After she passed away, my dad and Aunt Trudy were standing by her bedside. Dad shook his head and said, “She lived a hard life. But she never complained.” My Aunt Trudy laughed. “Yes she did. She complained all the time.” Dad chuckled. It was true.
She had a love-hate relationship with the nursing home. She didn’t want to be there (I mean, who would?). She wanted to be home. But it wasn’t realistic. She couldn’t really see, her hearing was failing and she had started needing a wheel chair most of the time over the last few years. She was living out a very difficult time in her life. Gram adored reading and cooking. She could no longer do either. She loved to visit with people, but most of the people around her in the nursing home couldn’t hear her when she tried to make conversation. And the food. Don’t get me started on her feelings about the food.
Gram was an amazing cook and a pastry chef. She loved food and took great joy in feeding her family. So, going to cafeteria food was a gigantic step down for her. To say she was not a fan of the nursing home food would be a gross understatement. To say that she handled that dislike with gracious forbearance would be a bold-faced lie. Every time I visited her, she told me how bad the food was. I often wondered if the people who worked there saw her as the feisty little Irish lady who was full of colorful stories of her homeland or if they saw her as the never-satisfied old queen with haughty taste buds who thought everyone was stealing her stuff.

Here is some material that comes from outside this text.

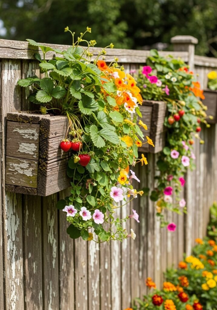 Add built-in planter boxes along the top or sides of your rustic garden fence to create a vertical garden that maximizes growing space. Construct them from matching reclaimed wood so they blend seamlessly with the fence structure. Fill with trailing flowers, strawberries, or cascading herbs for a productive living fence.

I got my answer the day she died, as staff member after staff member came in to say goodbye to her and left the room wiping tears from their eyes. At one point that night, two ladies approached me and asked if they could pay their respects. They explained they were cafeteria workers and they loved gram. They called her sassy. I’m quite sure she told them exactly what she thought of the food they placed in front of her daily. Yet they still loved her.

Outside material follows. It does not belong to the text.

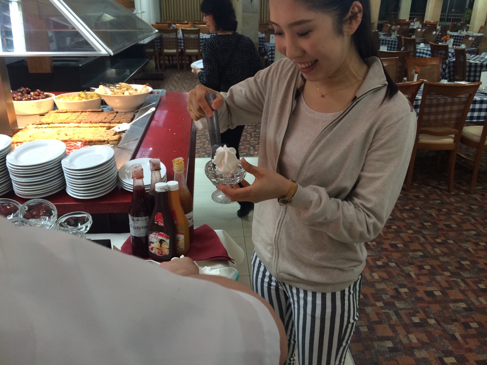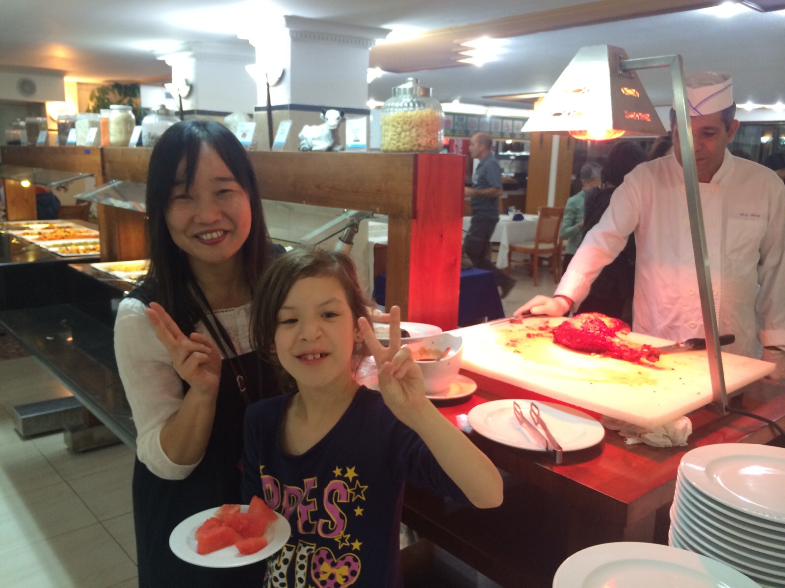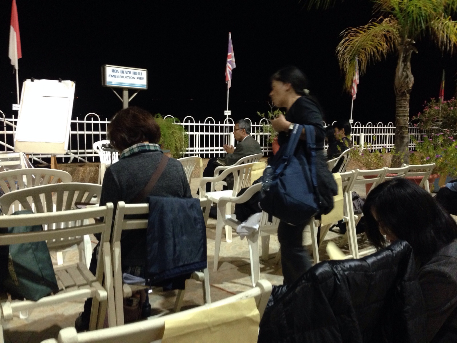 夜のガリラヤ湖をバックに決めポーズ(^^)v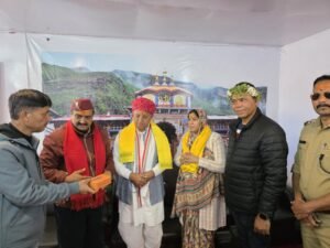 दर्शन पूजा के बाद श्री बदरीनाथ – केदारनाथ मंदिर समिति (बीकेटीसी) उपाध्यक्ष ऋषि प्रसाद सती ने केंद्रीय मंत्री का स्वागत किया तथा भगवान बदरीविशाल का प्रसाद एवं अंगवस्त्र भेंट किया तथा यात्रा व्यवस्थाओंं के बावत अवगत कराया

Because even though she complained and told you precisely what she thought, she also had a twinkle in her eye and would recite long poems from her childhood, word for word, in her magical Irish brogue, with a soft giggle for an encore. Her laughter was lyrical, and she loved to sing. One of my earliest memories is of her singing You Are My Sunshine when I would go stay with her and Papa at their cottage on Conesus lake. It’s a happy song that’s also a sad song and it reminds me of her. She was a happy woman who was also a sad woman. She was a contradiction. But she loved and was loved in return and she’s the matriarch of a family full of people who love each other fiercely, through the good and the bad, the happy and sad. That’s a legacy worthy of a queen.
I would tell her to rest in peace, but I know she won’t listen. I have a feeling she’s somewhere rearranging the furniture and cooking up a mean batch of shortbread. Love you Gram. Sláinte!